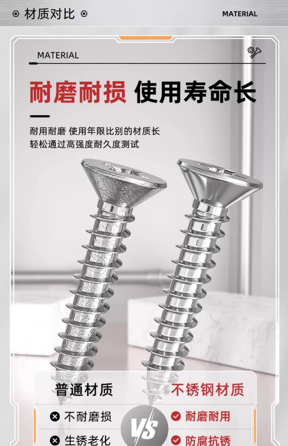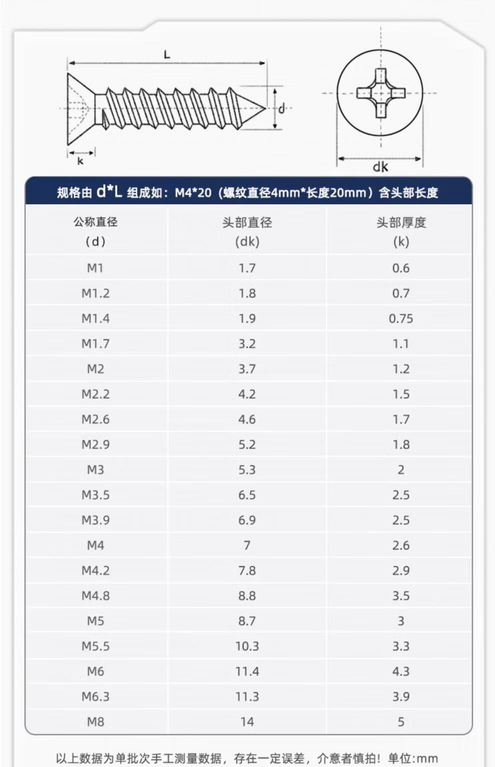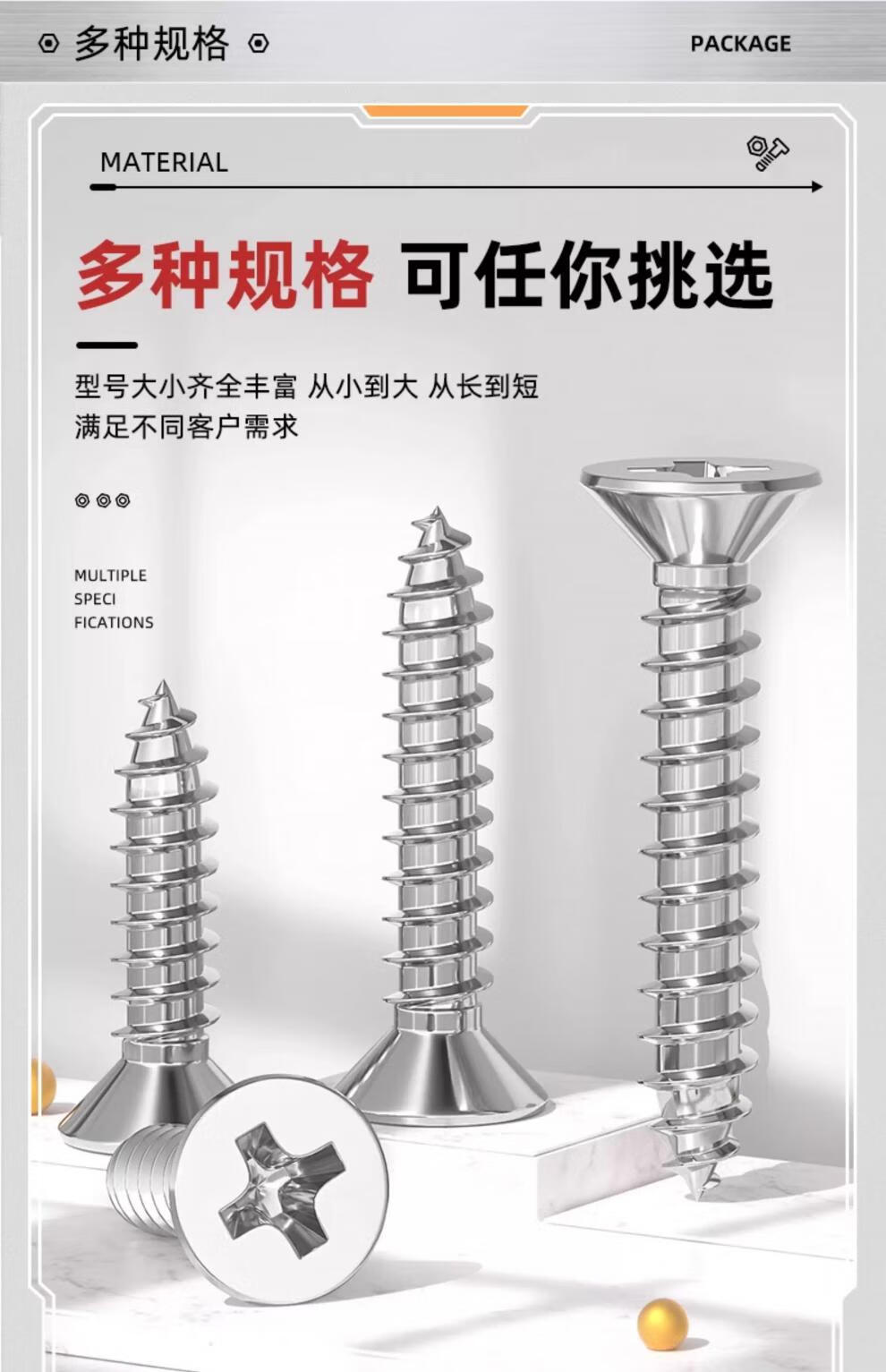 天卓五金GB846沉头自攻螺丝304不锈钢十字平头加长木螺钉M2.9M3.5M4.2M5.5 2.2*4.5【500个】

=======

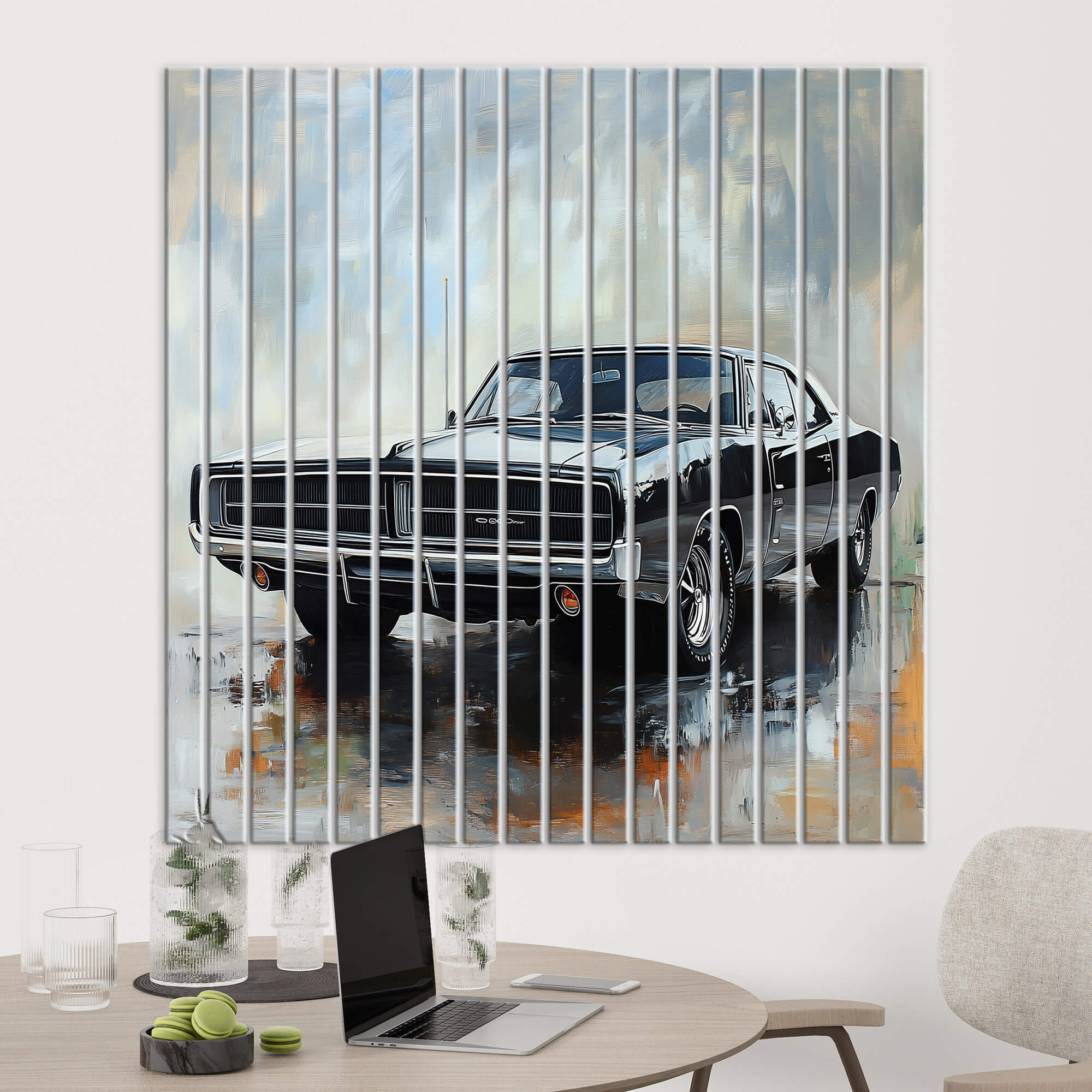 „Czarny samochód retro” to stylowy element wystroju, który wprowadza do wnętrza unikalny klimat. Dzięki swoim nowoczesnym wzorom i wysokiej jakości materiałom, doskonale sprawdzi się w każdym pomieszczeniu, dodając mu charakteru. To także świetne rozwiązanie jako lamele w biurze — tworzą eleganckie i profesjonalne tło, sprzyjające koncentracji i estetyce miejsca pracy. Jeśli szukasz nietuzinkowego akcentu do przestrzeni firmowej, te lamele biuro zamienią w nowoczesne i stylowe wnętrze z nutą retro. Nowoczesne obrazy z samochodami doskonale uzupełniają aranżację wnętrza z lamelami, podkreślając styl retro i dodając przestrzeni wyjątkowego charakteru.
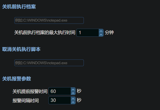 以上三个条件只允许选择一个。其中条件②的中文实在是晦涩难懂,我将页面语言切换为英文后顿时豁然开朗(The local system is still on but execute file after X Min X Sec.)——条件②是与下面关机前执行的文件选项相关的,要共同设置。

=======

▶ [What to produce]:
Start at the line containing "przestrzeni wyjątkowego charakteru." above and stop at the line containing "Min X Sec.)——条件②是与下面关机前执行的文件选项相关的,要共同设置。". Output those lines exactly, both included, but none of the pictures.

▶ [Your solution]:
 „Czarny samochód retro” to stylowy element wystroju, który wprowadza do wnętrza unikalny klimat. Dzięki swoim nowoczesnym wzorom i wysokiej jakości materiałom, doskonale sprawdzi się w każdym pomieszczeniu, dodając mu charakteru. To także świetne rozwiązanie jako lamele w biurze — tworzą eleganckie i profesjonalne tło, sprzyjające koncentracji i estetyce miejsca pracy. Jeśli szukasz nietuzinkowego akcentu do przestrzeni firmowej, te lamele biuro zamienią w nowoczesne i stylowe wnętrze z nutą retro. Nowoczesne obrazy z samochodami doskonale uzupełniają aranżację wnętrza z lamelami, podkreślając styl retro i dodając przestrzeni wyjątkowego charakteru.
 以上三个条件只允许选择一个。其中条件②的中文实在是晦涩难懂,我将页面语言切换为英文后顿时豁然开朗(The local system is still on but execute file after X Min X Sec.)——条件②是与下面关机前执行的文件选项相关的,要共同设置。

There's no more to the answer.